### [Required work]
Once the pictures are set aside, repeat all of the data below exactly.

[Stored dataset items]
---+---
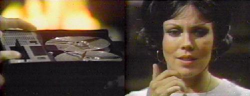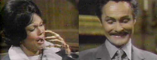 She says she isn't in the mood and again tries to send him up to bed. David dejectedly heads upstairs, then, on the first step, turns and asks her if she knows very much about Barnabas- does she know what his "affliction" is? This catches her attention, and suddenly, she's very anxious to hear this tape. She drags him into the drawing room, and he's surprised at her abrupt change of mind. She tells him to hurry, she wants to hear the tape. It's about two minutes to nine now. She hears the music, and listens impatiently, telling him to speed up the tape to get to the good stuff. She listens to Lang's voice, hears what he has to say about Adam and Barnabas, and realizes this is her get out of jail free card.
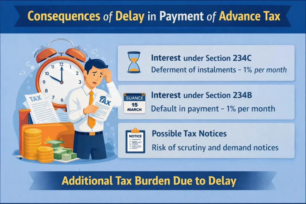 Timely payment of advance tax is a statutory obligation. Delay or short payment may lead to financial implications in the form of interest and possible notices from the Income Tax Department.
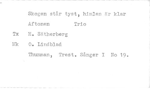 //// Skogen står tyst, himlen är klar //// Aftonen Trio //// Tx H. Sätherberg Mk 0. Lindblad //// Thunman, Trest. Sånger I No 19*
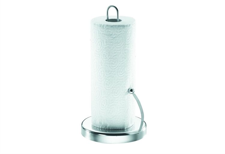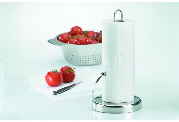 Der praktische Küchenrollenhalter ist auch dann einsatzbereit, wenn man gerade nur eine Hand frei hat. Sein schwerer Sockel verhindert ein Kippen oder Rutschen und beweist Standfestigkeit. Dank der flexiblen Haltefeder rollt das Papier nicht von alleine ab und die Blätter sind leicht abreißbar. Gearbeitet aus rostfreiem Edelstahl, absolut robust, in edlem Design. 1 Papierrolle ist in der Verpackung enthalten.
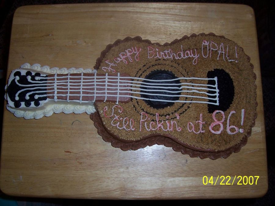 I made this cake for a family friend. She plays the guitar and is turning 86. I hope she likes it. I used the Wilton Guitar pan for this one.
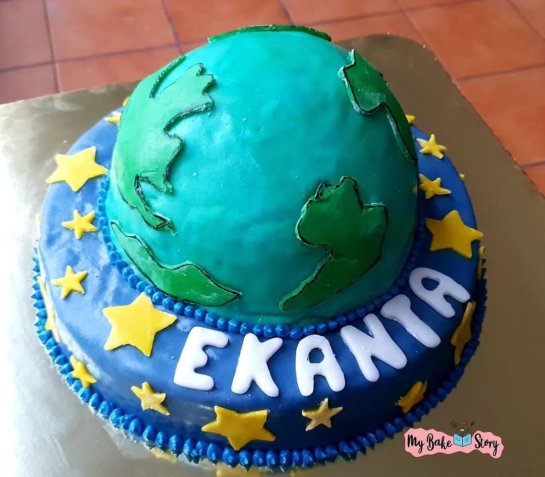 This weekend again gave me the opportunity to explore my creativity…and this one was the 1st one of it..an eggless chocolate Earth cake…with chocolate buttercream frosting and fondant decor…for a sweet boy turning 7 who is in love with Galaxy …maps…Solarsystem… ๐Ÿ˜‹
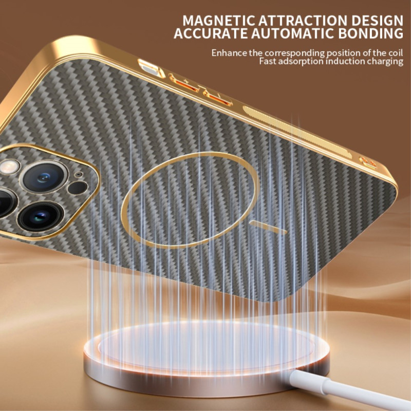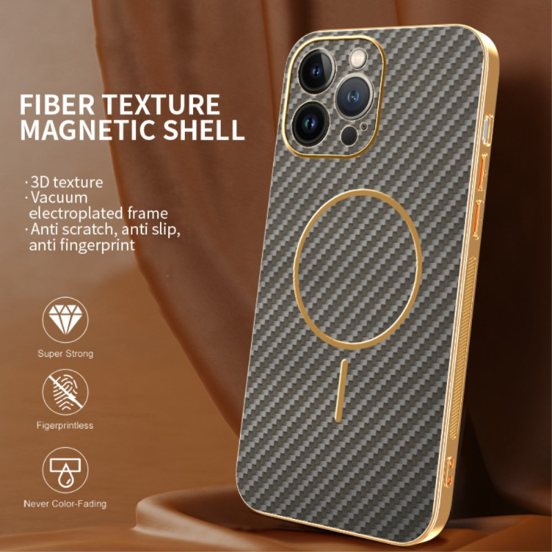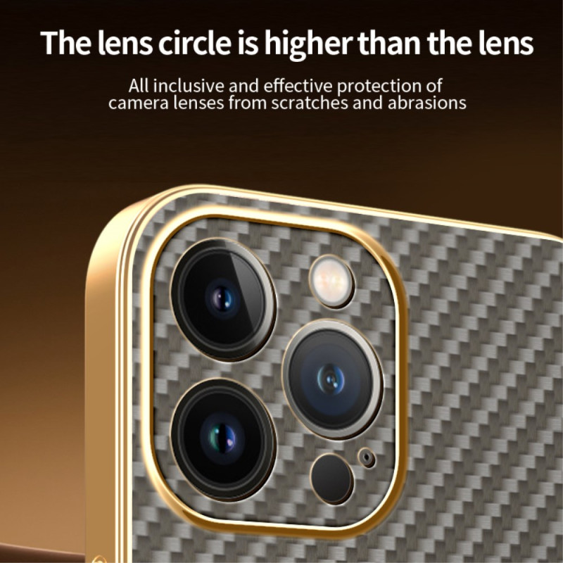 Protege tu iPhone 13 Pro Max con estilo con esta funda de TPU resistente y flexible. Su acabado galvanizado de primera calidad y su textura de fibra de carbono ofrecen una protección óptima contra los impactos a la vez que resisten las huellas dactilares.
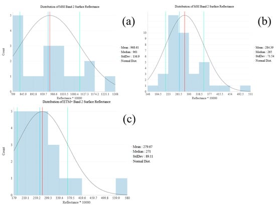 Frequency distributions of surface reflectance over water quality samples from (a) Sentinel-2 MSI, (b) Landsat 8 OLI, and (c) Landsat 7 ETM+.
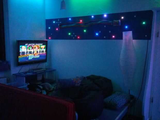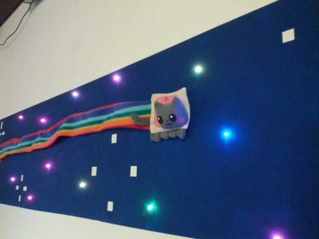 Para crear una zona de juegos para niños adultos, teníamos que hacer algo acerca de las aburridas paredes blancas que la rodean. Así que decidimos utilizar el conocido meme Nyan cat de internet como decoración.
---+---
### [Response to this task]
 She says she isn't in the mood and again tries to send him up to bed. David dejectedly heads upstairs, then, on the first step, turns and asks her if she knows very much about Barnabas- does she know what his "affliction" is? This catches her attention, and suddenly, she's very anxious to hear this tape. She drags him into the drawing room, and he's surprised at her abrupt change of mind. She tells him to hurry, she wants to hear the tape. It's about two minutes to nine now. She hears the music, and listens impatiently, telling him to speed up the tape to get to the good stuff. She listens to Lang's voice, hears what he has to say about Adam and Barnabas, and realizes this is her get out of jail free card.
 Timely payment of advance tax is a statutory obligation. Delay or short payment may lead to financial implications in the form of interest and possible notices from the Income Tax Department.
 //// Skogen står tyst, himlen är klar //// Aftonen Trio //// Tx H. Sätherberg Mk 0. Lindblad //// Thunman, Trest. Sånger I No 19*
 Der praktische Küchenrollenhalter ist auch dann einsatzbereit, wenn man gerade nur eine Hand frei hat. Sein schwerer Sockel verhindert ein Kippen oder Rutschen und beweist Standfestigkeit. Dank der flexiblen Haltefeder rollt das Papier nicht von alleine ab und die Blätter sind leicht abreißbar. Gearbeitet aus rostfreiem Edelstahl, absolut robust, in edlem Design. 1 Papierrolle ist in der Verpackung enthalten.
 I made this cake for a family friend. She plays the guitar and is turning 86. I hope she likes it. I used the Wilton Guitar pan for this one.
 This weekend again gave me the opportunity to explore my creativity…and this one was the 1st one of it..an eggless chocolate Earth cake…with chocolate buttercream frosting and fondant decor…for a sweet boy turning 7 who is in love with Galaxy …maps…Solarsystem… ๐Ÿ˜‹
 Protege tu iPhone 13 Pro Max con estilo con esta funda de TPU resistente y flexible. Su acabado galvanizado de primera calidad y su textura de fibra de carbono ofrecen una protección óptima contra los impactos a la vez que resisten las huellas dactilares.
 Frequency distributions of surface reflectance over water quality samples from (a) Sentinel-2 MSI, (b) Landsat 8 OLI, and (c) Landsat 7 ETM+.
 Para crear una zona de juegos para niños adultos, teníamos que hacer algo acerca de las aburridas paredes blancas que la rodean. Así que decidimos utilizar el conocido meme Nyan cat de internet como decoración.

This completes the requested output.